Your mobile phone at its very heart is a little more than a cordless phone that you use at home. Basically, it’s a radio transmitter that is used to send and receive information (voice, text messages, fax, data, etc) from its base station. In the case of cordless phones, the base usually sits inside the house and the cordless unit is able to function if it’s within the reach of its radio signal.
But if a mobile phone is similar to a cordless, where is its base station? The answer, as you probably know, are those tall towers that you see every couple of kilometers on the top of buildings. The base station serves as a ‘cell’ having a range spanning many kilometers in diameter. From here, another interesting question comes up. What happens when you move out of the range of one base station with a cellphone and enter another? This is where a very important capability of these networks comes into play. At any given point of time, the cellular network is constantly polling the phone to see which base station is best suited for it to be on. If the network sees that a phone is moving out of the range of one base station and consequently into the range of another, it automatically instructs it to start using the new base station, which by then is ready to accept its connection as well. This process is known as ‘hand-over’ and occurs within 400 ms, so that the subscriber is hardly aware of a break.

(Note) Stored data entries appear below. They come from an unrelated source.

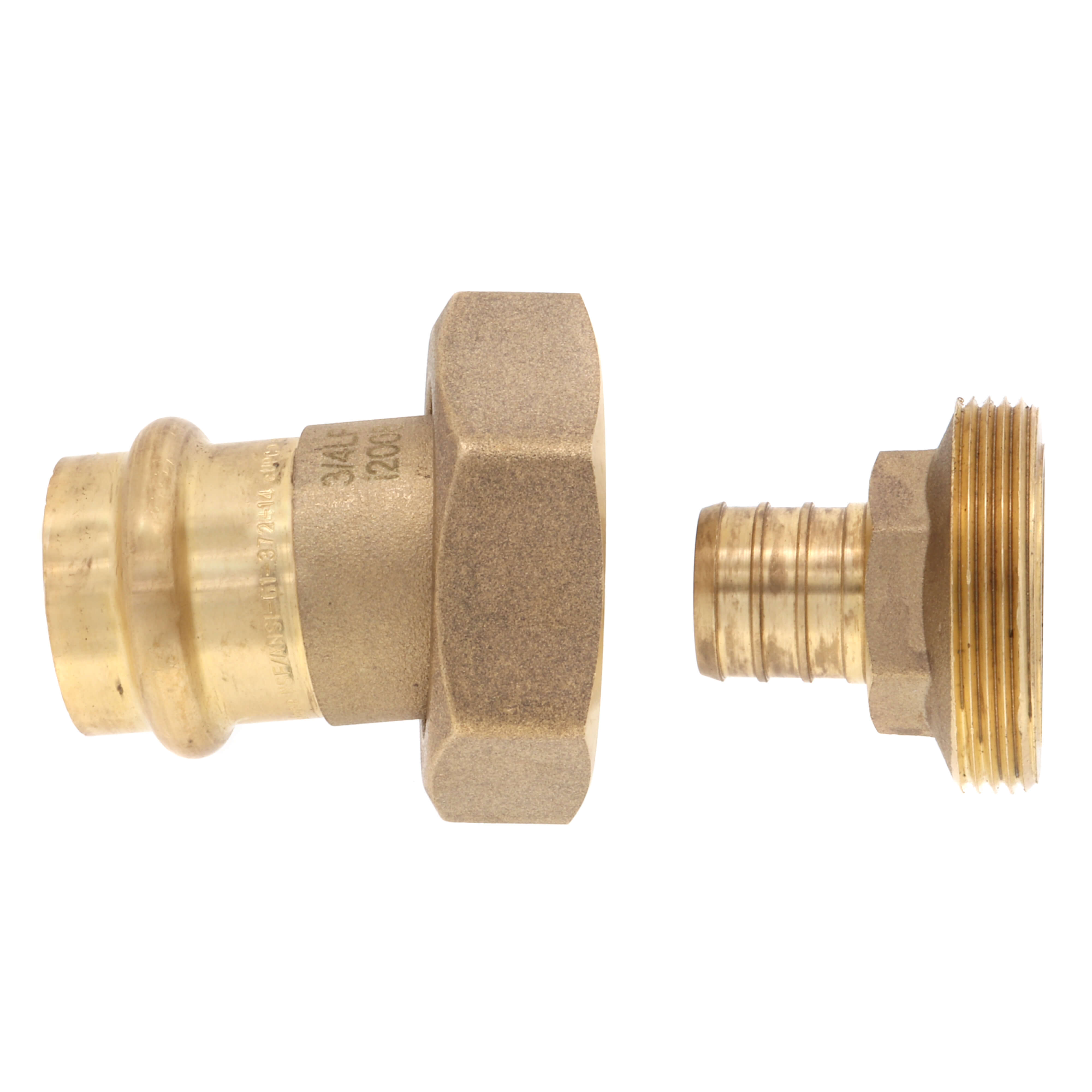 The Webstone H-18103W is a 3/4 Press × PEX Crimp Transition Union designed for reliable plumbing connections. This fitting allows for effective joining of press and PEX piping systems, ensuring a secure and leak-free connection.
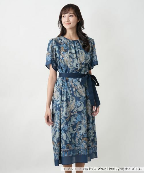 繊細なペイズリープリントが目を惹く、オリエンタルなムード漂うフレアワンピース。さらりと肌に寄り添う薄手のコットン素材が、涼やかな着心地を叶えます。高めのウエスト位置にあしらったリボンベルトが視線を引き上げ、自然とスタイルアップ。ウエストマークすることで、メリハリのある美しいシルエットに仕上がります。一枚で存在感がありながら、上品で抜け感のある大人のサマールックが完成します。バックファスナーにより開閉が可能。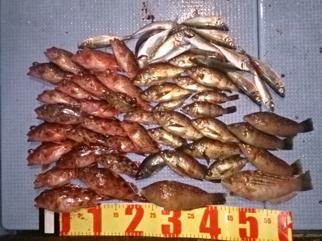 釣果 メバル15匹(14?〜19?)/ガシラ23匹(15?〜21?)/ベラ5匹(19?〜23?)/小アジ15匹
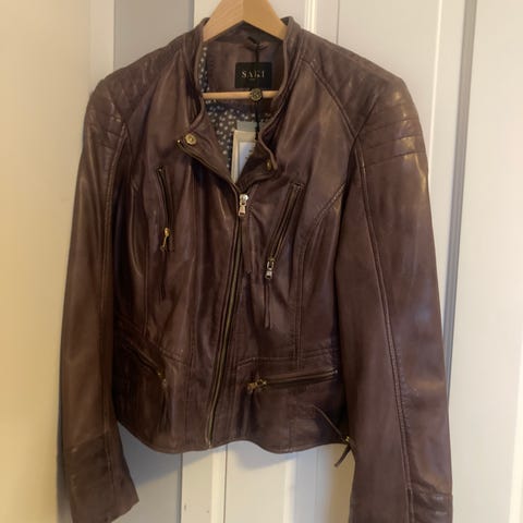 Brun läderjacka för kvinnor i storlek M. Jackan är tillverkad av läder och tillhör kategorin övriga jackor. Passar för vardagligt bruk och kan kombineras med olika klädstilar.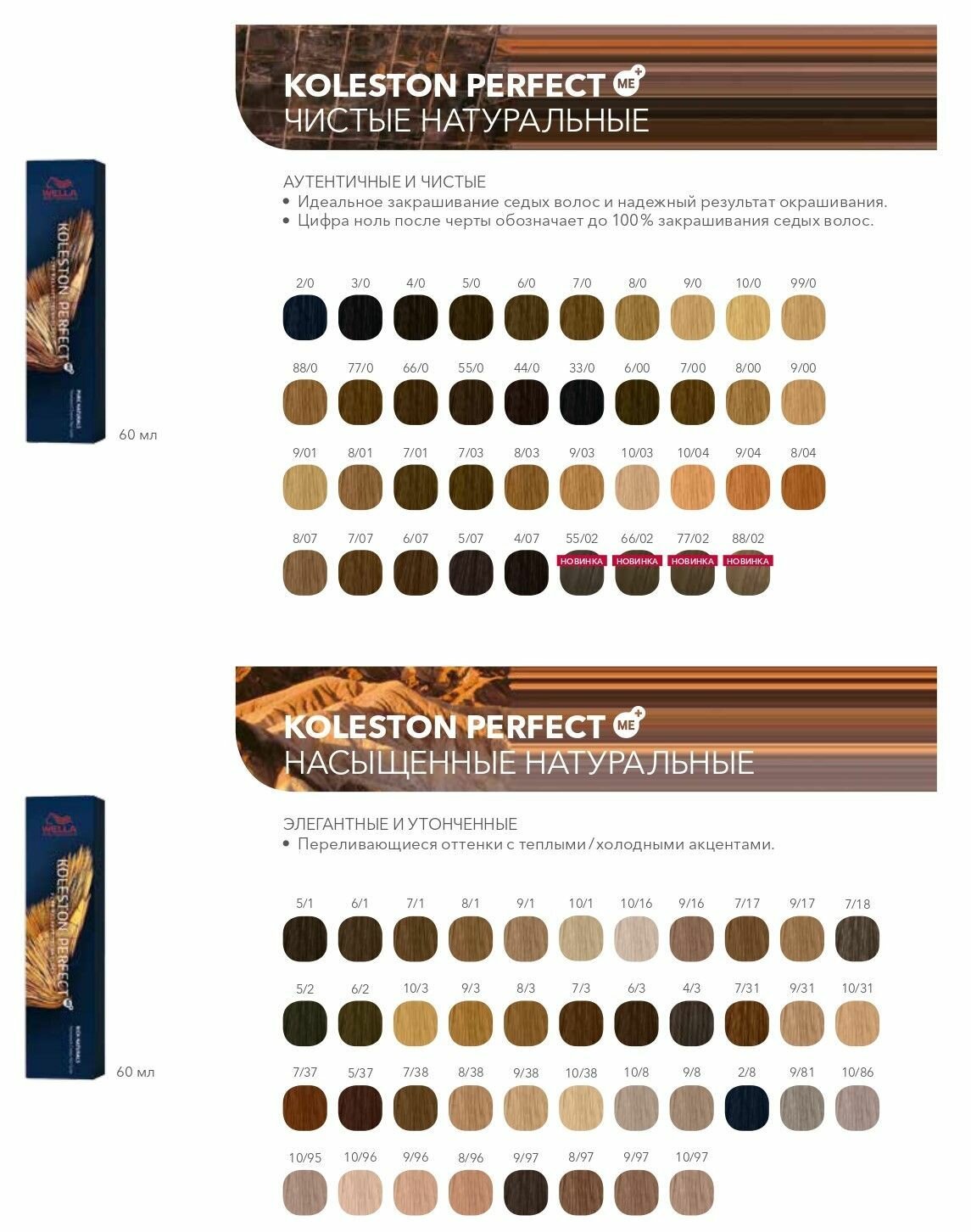 | Способ применения | подготовка к окрашиванию: не используйте шампунь перед применением; нанести смесь на корни и длину волос одновременно; для защиты рук используйте перчатки; нанесение красителя: смешайте в неметаллической емкости краситель Wella Professionals Koleston Perfect Me+ с активирующим лосьоном Welloxon Perfect; завершение окрашивания: после окончания времени воздействия тщательно промойте волосы большим количеством воды пока вода не станет прозрачной; вымойте голову шампунем, затем нанесите кондиционер; время выдержки: с теплом: 15-25 минут, без тепла: 30-40 минут; более подробная инструкция на упаковке. |

Now let’s see how cellphones make calls to other cellphones and landline numbers.
Mobile switching centers
Base stations are often organized in clusters that are collectively managed by Mobile Switching Centers (MSC). Each MSC of a cluster is connected to MSCs of other clusters and a PSTN (Public Switched Telephone Network). So when a cellphone makes a call, there’s a process of passing it to the nearest base station, which further sends it to the nearest MSC, which in turn contacts either other MSCs (if the call is to another mobile phone) or the PSTN (if call is to a landline). The process works in exactly the reverse way for incoming calls.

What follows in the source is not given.